Subject: Re: Linux 2.6.38

On Mon, 14 Mar 2011, Linus Torvalds wrote:

> > This kernel includes a broken commit that was merged a couple of hours
> > before release:
>
> Actually, it doesn't. It got reverted before the release because of
> the worries about it.
>

Looks good, thanks!

2011-03-15 06:24:20

by Andrew Morton

[permalink] [raw]

Subject: Re: Linux 2.6.38

On Mon, 14 Mar 2011 21:50:24 -0700 (PDT) David Rientjes <[email protected]> wrote:

> On Mon, 14 Mar 2011, Andrew Morton wrote:
>
> > > once oom-prevent-unnecessary-oom-kills-or-kernel-panics.patch is merged
> > > from -mm
> >
> > Please (re)send the patches which you believe should be merged into
> > 2.6.38 to address the problems which Oleg found, and any other critical
> > problems.
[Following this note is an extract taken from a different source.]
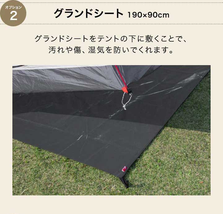 | 材質: ・フライシート : ポリエステル65%、コットン35% ・インナーテント: ポリエステル ・グラウンド : ポリエステル ・ポール : スチール ・ペグ : 超々ジュラルミン (A7075系) |

Not in a huge rush - let's get this right.
> >
>
> In my testing, Oleg's three test cases that he sent to the security list
> and cc'd us on get appropriately oom killed once swap is exhausted or
> swapoff -a is used on mmotm-2011-03-10-16-42 because of these two patches:
>
> oom-prevent-unnecessary-oom-kills-or-kernel-panics.patch
> oom-skip-zombies-when-iterating-tasklist.patch
>
> He also presented a test case on linux-mm that caused the oom killer to
> avoid acting if a thread is ptracing a thread in the exit path with
> PTRACE_O_TRACEEXIT. That should be fixed with
>
> http://marc.info/?l=linux-mm&m=129997893430351
>
> that has yet to see -mm. There are no other test cases that have been
> presented that cause undesired behavior.
>
> That said, my approach to doing this has been to avoid arbitrary
> heuristics for special cases and address known issues by adding the
> appropriate logic in the oom killer. For example, the ptrace problem that
> Oleg presented showed that the oom killer logic incorrectly deferred doing
> anything when an eligible thread was PF_EXITING. It had done that
> believing that nothing would stop the thread from exiting or current
> would be given access to memory reserves itself and that assumption was
> broken for PTRACE_O_TRACEEXIT. My patch above, in combination with
> Andrey's patch that only considers threads with valid mm's, fixes that
> issue because we'll now only defer if you still have an attached mm, are
> PF_EXITING, and are not being traced.
>
> If, at some point, there is another gap in the exit code where a thread
> may hold PF_EXITING with a valid mm for an indefinite period, we'll need
> to address that in the oom killer as well. We use PF_EXITING specifically
> in the oom killer to identify tasks that are going to exit soon and need
> handling for any case where that isn't guaranteed. Anything else results
> in needlessly killing other tasks or, in the worst case, panicking when
> there is nothing left that is eligible.

So we're talking about three patches:

oom-prevent-unnecessary-oom-kills-or-kernel-panics.patch
oom-skip-zombies-when-iterating-tasklist.patch
oom-avoid-deferring-oom-killer-if-exiting-task-is-being-traced.patch

all appended below.

About all of which Oleg had serious complaints, some of which haven't
yet been addressed.

And that's OK. As I said, please let's work through it and get it right.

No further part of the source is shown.